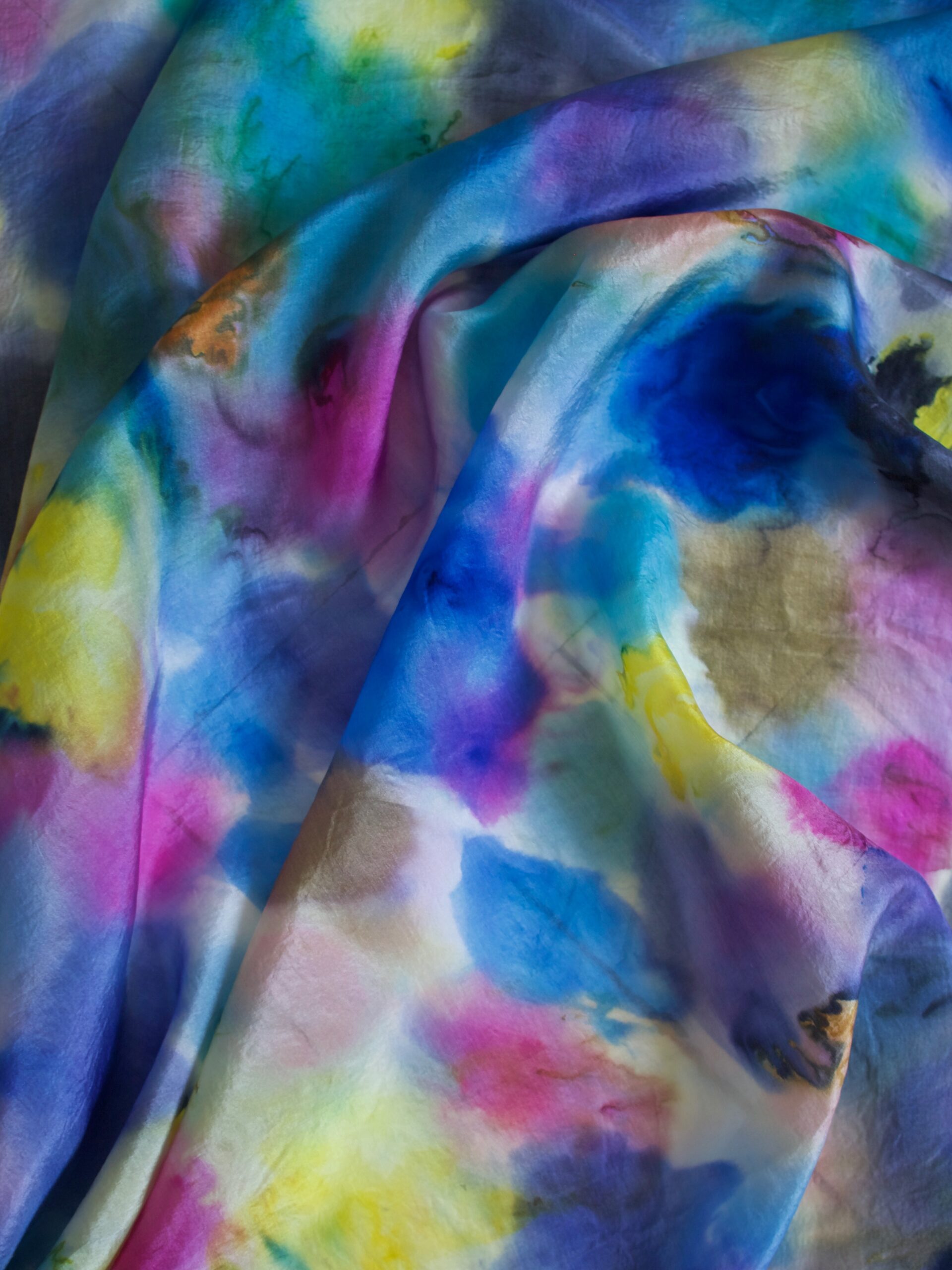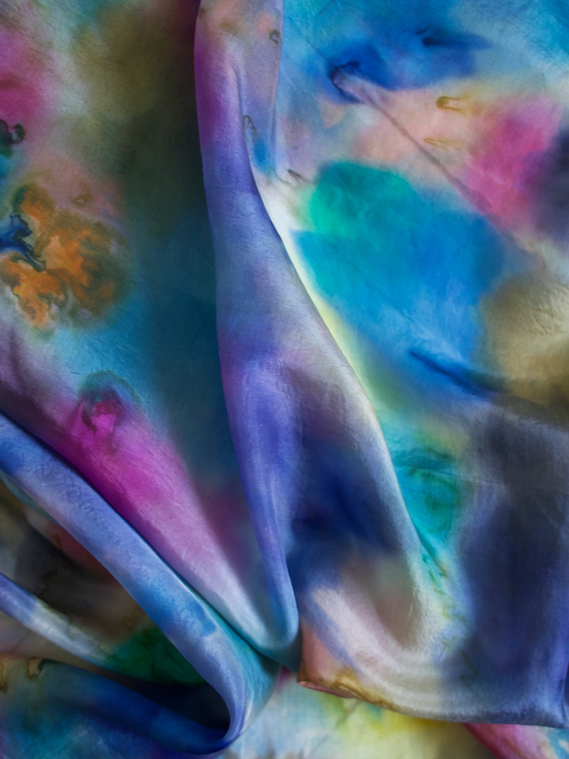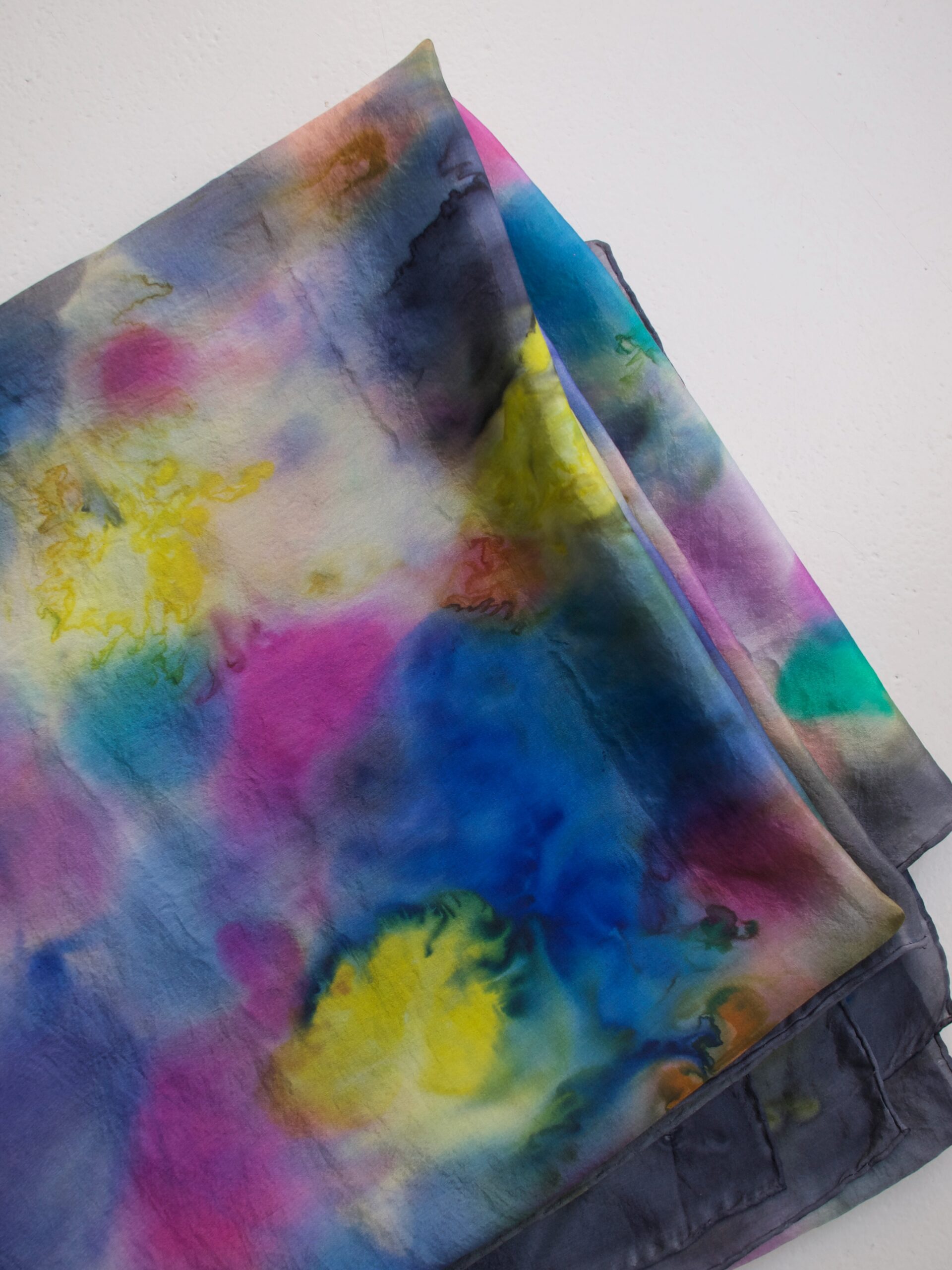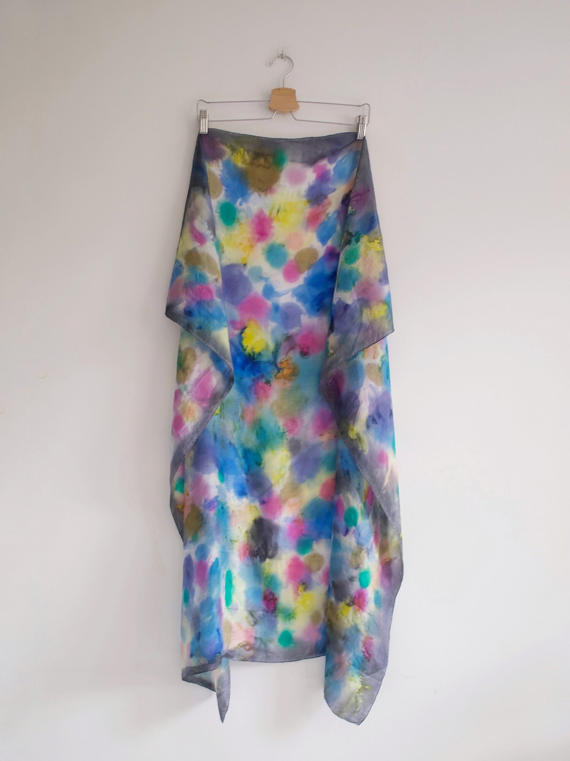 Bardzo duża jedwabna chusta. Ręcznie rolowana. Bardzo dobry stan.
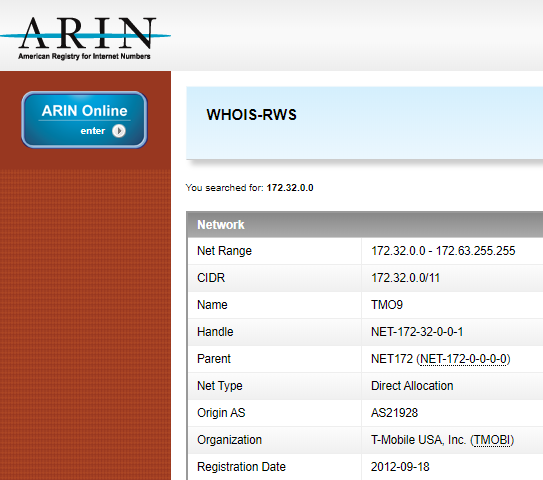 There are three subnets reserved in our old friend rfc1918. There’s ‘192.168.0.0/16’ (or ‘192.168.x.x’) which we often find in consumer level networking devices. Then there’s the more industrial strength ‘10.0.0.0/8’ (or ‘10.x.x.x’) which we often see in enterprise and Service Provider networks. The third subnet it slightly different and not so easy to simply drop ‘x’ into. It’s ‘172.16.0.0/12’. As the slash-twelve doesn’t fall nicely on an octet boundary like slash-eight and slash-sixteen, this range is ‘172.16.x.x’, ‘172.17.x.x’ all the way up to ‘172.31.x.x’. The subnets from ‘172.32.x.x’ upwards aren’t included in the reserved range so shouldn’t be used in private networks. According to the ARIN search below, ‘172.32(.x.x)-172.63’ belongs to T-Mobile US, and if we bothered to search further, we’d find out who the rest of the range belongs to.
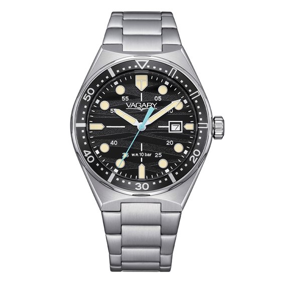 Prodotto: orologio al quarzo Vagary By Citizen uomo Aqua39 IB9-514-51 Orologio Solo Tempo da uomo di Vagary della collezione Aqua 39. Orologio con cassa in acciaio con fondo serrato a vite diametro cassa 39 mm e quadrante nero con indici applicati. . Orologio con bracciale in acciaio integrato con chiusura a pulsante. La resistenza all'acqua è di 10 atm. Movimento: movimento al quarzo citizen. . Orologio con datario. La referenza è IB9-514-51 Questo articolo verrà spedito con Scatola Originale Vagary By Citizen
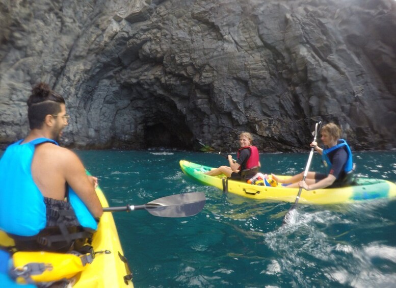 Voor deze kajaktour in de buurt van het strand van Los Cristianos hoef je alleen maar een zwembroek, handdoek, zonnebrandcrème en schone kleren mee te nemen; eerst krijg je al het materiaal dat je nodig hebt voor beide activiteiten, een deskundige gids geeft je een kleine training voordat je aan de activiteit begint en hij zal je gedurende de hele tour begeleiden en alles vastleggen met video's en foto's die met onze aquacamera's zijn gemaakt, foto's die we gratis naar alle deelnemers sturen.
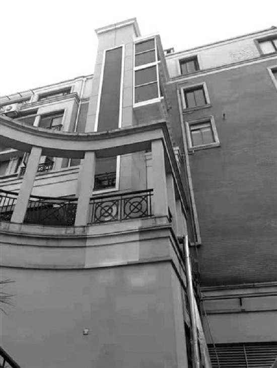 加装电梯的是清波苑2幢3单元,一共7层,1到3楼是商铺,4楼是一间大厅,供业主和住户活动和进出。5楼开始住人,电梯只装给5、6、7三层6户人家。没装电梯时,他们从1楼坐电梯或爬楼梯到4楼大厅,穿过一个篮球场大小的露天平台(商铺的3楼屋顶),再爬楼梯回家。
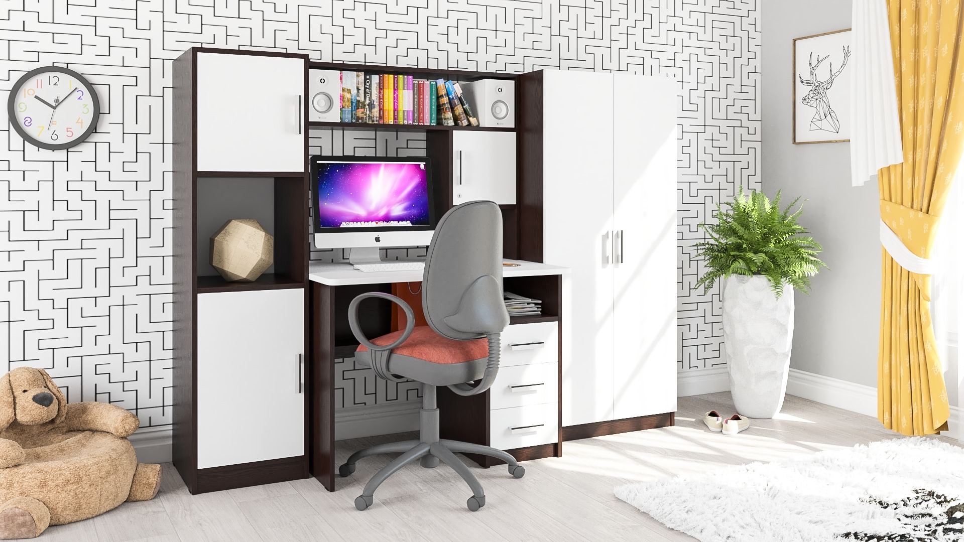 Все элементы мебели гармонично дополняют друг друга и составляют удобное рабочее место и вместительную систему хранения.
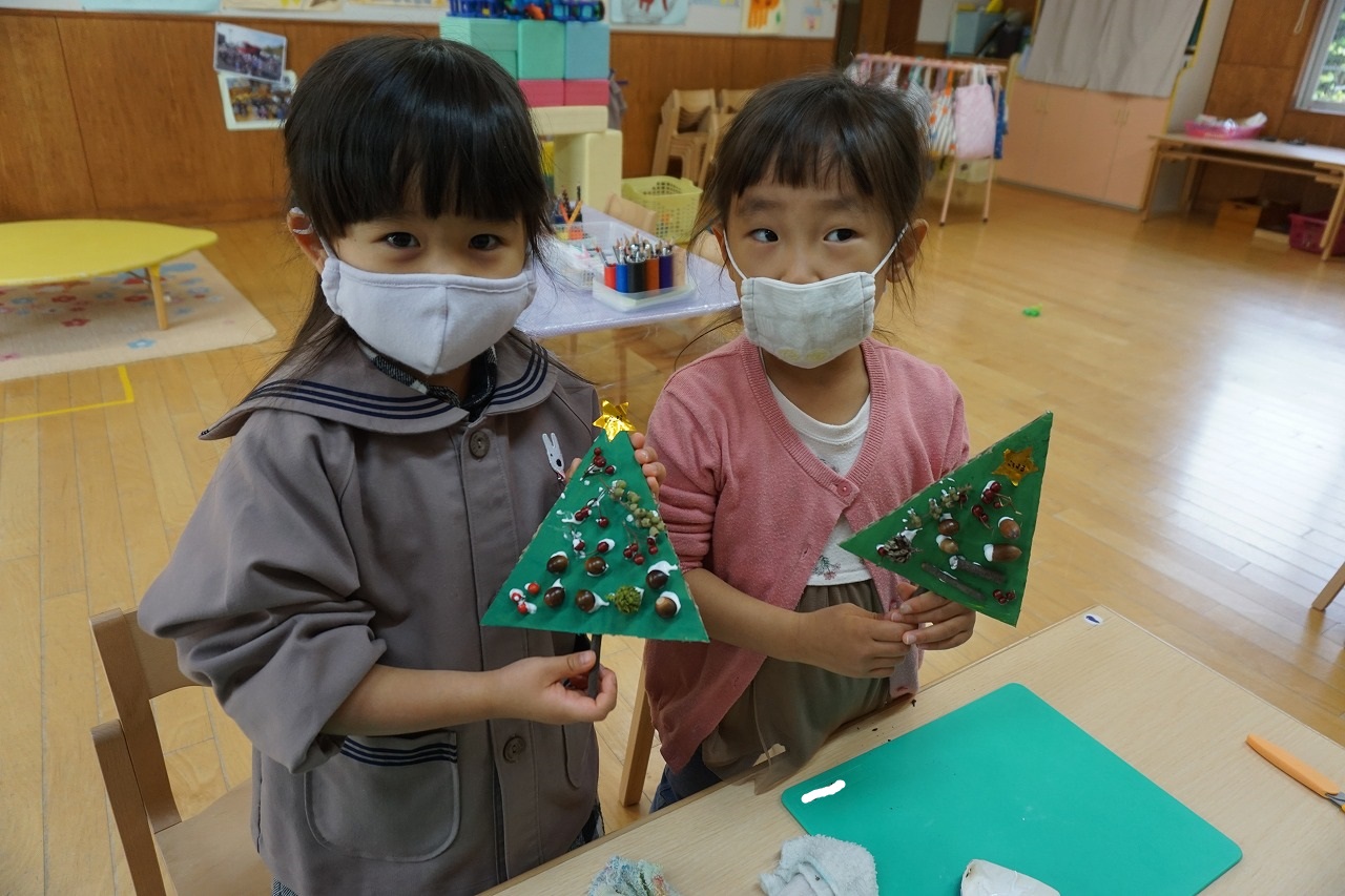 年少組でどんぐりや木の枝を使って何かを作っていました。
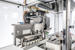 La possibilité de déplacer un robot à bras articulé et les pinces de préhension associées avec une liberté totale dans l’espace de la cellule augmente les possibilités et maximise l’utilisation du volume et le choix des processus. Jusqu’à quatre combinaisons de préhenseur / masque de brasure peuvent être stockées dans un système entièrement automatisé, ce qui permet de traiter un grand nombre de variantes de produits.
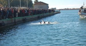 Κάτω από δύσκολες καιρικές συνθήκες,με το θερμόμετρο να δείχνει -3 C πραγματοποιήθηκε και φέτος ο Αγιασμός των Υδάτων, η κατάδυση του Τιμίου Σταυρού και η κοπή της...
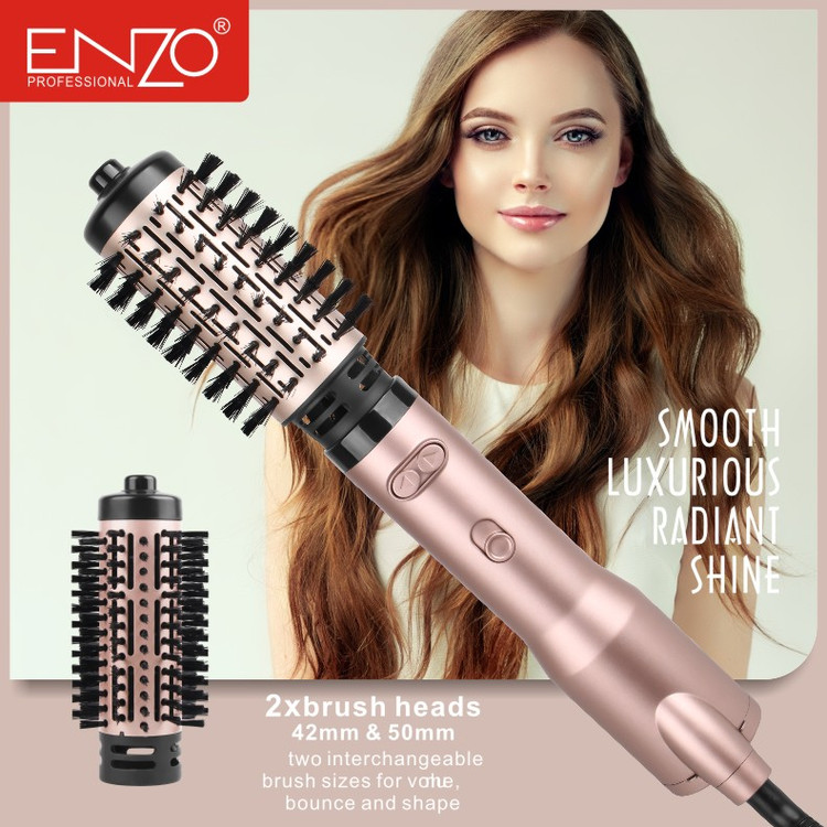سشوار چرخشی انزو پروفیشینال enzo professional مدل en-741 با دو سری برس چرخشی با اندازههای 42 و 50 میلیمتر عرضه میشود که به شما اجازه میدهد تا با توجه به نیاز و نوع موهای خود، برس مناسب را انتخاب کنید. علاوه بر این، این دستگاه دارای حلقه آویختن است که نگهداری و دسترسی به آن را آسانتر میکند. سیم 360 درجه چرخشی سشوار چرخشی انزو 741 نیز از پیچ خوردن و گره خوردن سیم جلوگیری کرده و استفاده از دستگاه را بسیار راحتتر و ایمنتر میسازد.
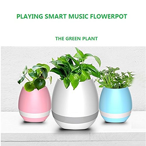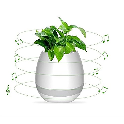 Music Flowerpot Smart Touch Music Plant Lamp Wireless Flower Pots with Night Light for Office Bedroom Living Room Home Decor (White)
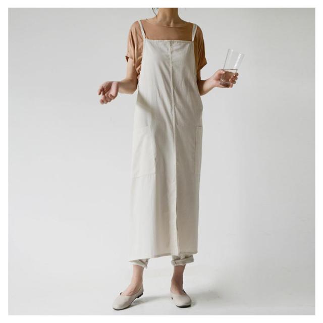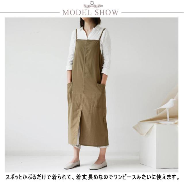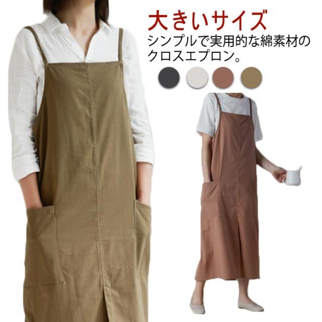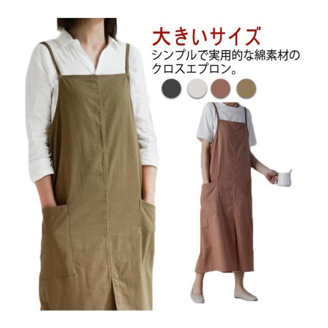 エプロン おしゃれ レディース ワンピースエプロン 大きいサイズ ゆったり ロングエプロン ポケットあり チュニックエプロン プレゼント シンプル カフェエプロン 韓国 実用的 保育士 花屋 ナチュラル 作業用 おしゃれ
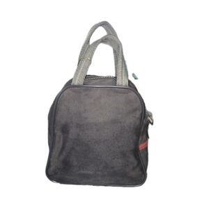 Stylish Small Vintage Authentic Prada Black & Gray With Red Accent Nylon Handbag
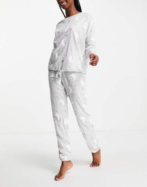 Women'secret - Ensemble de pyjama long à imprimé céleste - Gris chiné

▸ **What to produce**: Starting at the line containing "Все элементы мебели" and stopping at the line containing "年少組でどんぐりや木の枝を使って何かを作っていました。", output every line above exactly, both ends included, with pictures omitted.

▸ **The answer**:
 Все элементы мебели гармонично дополняют друг друга и составляют удобное рабочее место и вместительную систему хранения.
 年少組でどんぐりや木の枝を使って何かを作っていました。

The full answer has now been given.